Exactly as they appear, print the line with "Απίστευτες εικόνες στη" and each line after it through the end of the entries below; leave out pictures.
** STORED DATA follows **
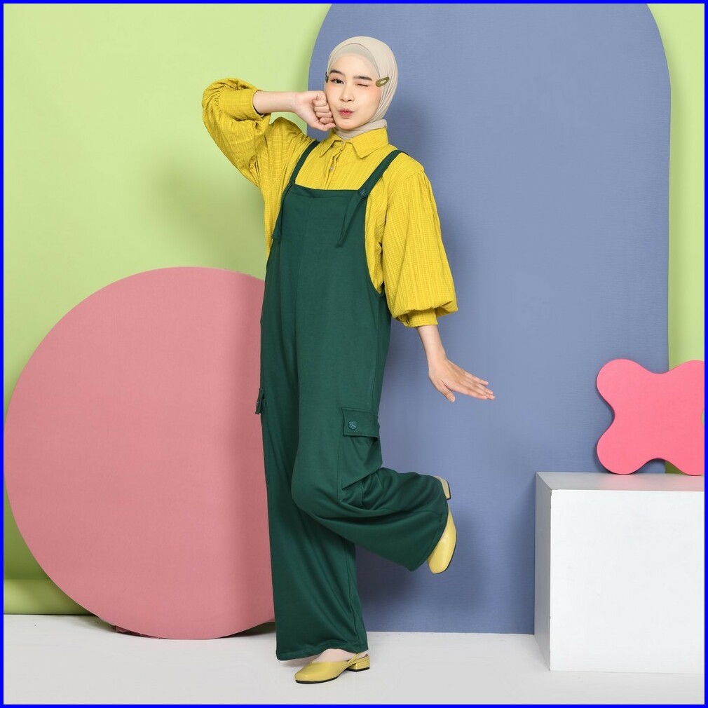 Mybamus Thara Loose Overall Cargo - Jumpsuit Muslim - Baju Kodok Korea - Jumpsuit Kulot Kargo
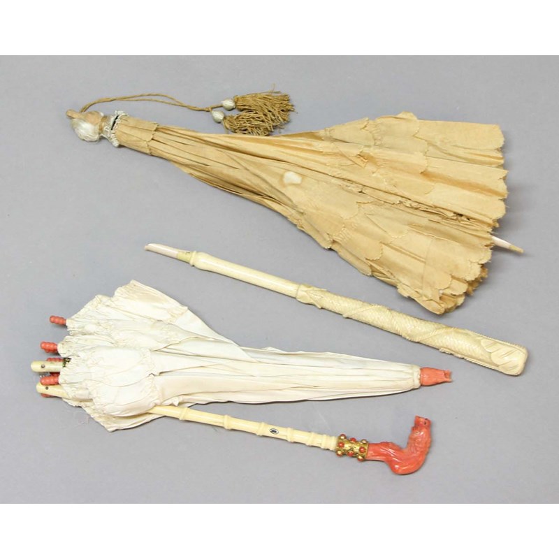 the ivory shaft carved to emulate bamboo, a gilt metal band with coral cabochons and coral handle carved as a lion's head, coral flower bud finial, length 57cm; together with another bone handled parasol (2)
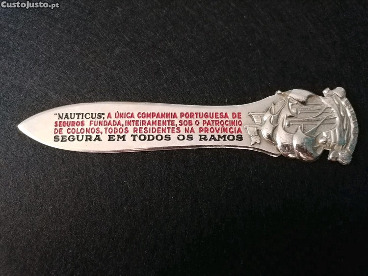 Preço: 20 €Antigo abre cartas em metal com a gravação Nauticus a única companhia portuguesa de seguros
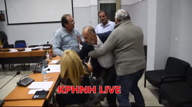 Απίστευτες εικόνες στη χθεσινοβραδινή συνεδρίαση του Δημοτικού Συμβουλίου Φαρκαδόνας. Όπως καταγράφει το trikalavoice.gr η ένταση προκλήθηκε μεταξύ του δημάρχου Θανάση Μεριβάκη και της ανεξάρτητης εδώ και λίγο καιρό δημοτικής συμβούλου, Ελένης Στεργίου-Μπότη, όταν η τελευταία έκανε αναφορές και στις οφειλές του δημάρχου προς τη ΔΕΥΑΦ. Ο δήμαρχος εξερράγη απαίτησε δημόσια συγνώμη και συγκρατήθηκε από άλλους δημοτικούς συμβούλους, ενώ απείλησε με μηνύσεις. Στο Δημαρχείο έφτασε και ο σύζυγος της Ελένης Στεργίου-Μπότη, Σάκης Μπότης, ο οποίος διέκοψε τη συνεδρίαση του Δ.Σ. επιτιθέμενος στον δήμαρχο, ο οποίος πάλι σηκώθηκε να απαντήσει, ενώ έκανε αναφορές σε «επιστολή του ζεύγους Μπότη στο σπίτι μου την οποία θα βγάλω στον αέρα».
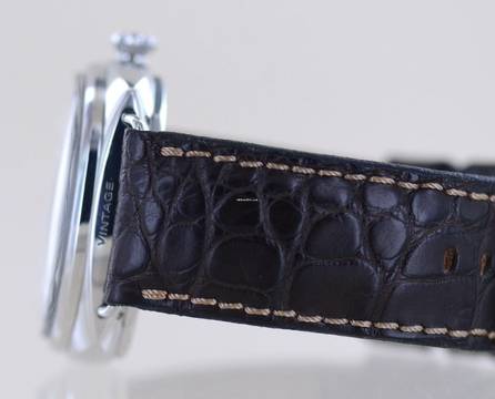 Schöne, große Panerai California OP 6800 / PAM 00448 mit satten 47 mm Durchmesser. Die Uhr versprüht einen genialen Vintage-Flair und erinnert an die ersten Panerai-Modelle aus den 60ern. Besonders zu erwähnen ist das California-Zifferblatt, welches mit der gelblichen Leuchtmasse für einen coolen Vintage-Look sorgt. Oberer Bereich römisch, unterer Bereich arabische Ziffern. Durch den Verzicht auf die Sekunde wirkt das Blatt sehr ausgewogen und ruhig.
** End of STORED DATA **
TASK RESULT >>
 Απίστευτες εικόνες στη χθεσινοβραδινή συνεδρίαση του Δημοτικού Συμβουλίου Φαρκαδόνας. Όπως καταγράφει το trikalavoice.gr η ένταση προκλήθηκε μεταξύ του δημάρχου Θανάση Μεριβάκη και της ανεξάρτητης εδώ και λίγο καιρό δημοτικής συμβούλου, Ελένης Στεργίου-Μπότη, όταν η τελευταία έκανε αναφορές και στις οφειλές του δημάρχου προς τη ΔΕΥΑΦ. Ο δήμαρχος εξερράγη απαίτησε δημόσια συγνώμη και συγκρατήθηκε από άλλους δημοτικούς συμβούλους, ενώ απείλησε με μηνύσεις. Στο Δημαρχείο έφτασε και ο σύζυγος της Ελένης Στεργίου-Μπότη, Σάκης Μπότης, ο οποίος διέκοψε τη συνεδρίαση του Δ.Σ. επιτιθέμενος στον δήμαρχο, ο οποίος πάλι σηκώθηκε να απαντήσει, ενώ έκανε αναφορές σε «επιστολή του ζεύγους Μπότη στο σπίτι μου την οποία θα βγάλω στον αέρα».
 Schöne, große Panerai California OP 6800 / PAM 00448 mit satten 47 mm Durchmesser. Die Uhr versprüht einen genialen Vintage-Flair und erinnert an die ersten Panerai-Modelle aus den 60ern. Besonders zu erwähnen ist das California-Zifferblatt, welches mit der gelblichen Leuchtmasse für einen coolen Vintage-Look sorgt. Oberer Bereich römisch, unterer Bereich arabische Ziffern. Durch den Verzicht auf die Sekunde wirkt das Blatt sehr ausgewogen und ruhig.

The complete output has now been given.